Day 11: Explore data with R’s base plotting system

SaiGayatri Vadali
5 min readFeb 18, 2018

--

This article is the eleventh one in the series “Getting started with data science in 30 days using R programming”. You can find all other articles here.

Why exploratory data analysis?

Exploring data is often incomplete even after performing cleaning, transforming and reducing it’s dimensions. It can be essential to find if the obtained data is useful to solve our use-case or even for designing a work flow to get more intimate with data. This particular step might begin right after cleaning and putting data into a tidy format or might occur after applying some transformations and dimensionality reduction techniques. In fact, the order and need of performing these tasks is also unaware to a data scientist unless he/she gets a deeper understanding of data. Hence the importance of Exploratory data analysis.

What is exploratory data analysis?

Exploratory data analysis involves not just graphs, plots and visualisations. No doubt that graphs provide an instant and clear information just at a glimpse. But before embarking onto plotting, there are certain things to be kept in mind in order to make this exploration of data, more simpler and organised.

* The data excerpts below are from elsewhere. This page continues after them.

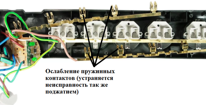 Если мы обнаруживаем такие общие шины, то можно просто подогнуть ослабший контакт соответствующей розетки.
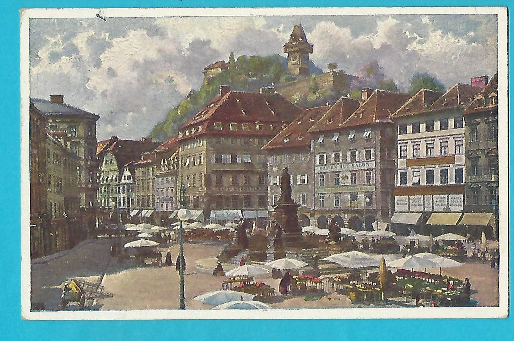 AK Graz. Hauptplatz. Gelaufen. Kleinformat. Verlag: Hausner. Nummeriert: 7012/10. Zustand: rechtes oberes Eck geknickt.
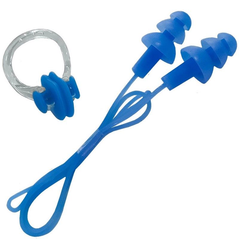 Набор для плавания беруши на шнурке и зажим для носа Sportex B31576 синий

  1. Run str() method on the dataset. It will make you know about the classes of columns.
  2. Then run View(), head(), tail() to view the table, first and last records.
  3. Then run summary() and I already gave you the importance of all these functions here. (I recommend going through this article again at this point of time).
  4. Use dplyr package at this stage again to filter certain columns to see if conditions of your data are met. Like , running select() helps you know if the data in columns of your hospital patient data set is in correct range.
  5. Now come up with a simple and good question which is specific to your use case and start plotting so that your plots now answer your question.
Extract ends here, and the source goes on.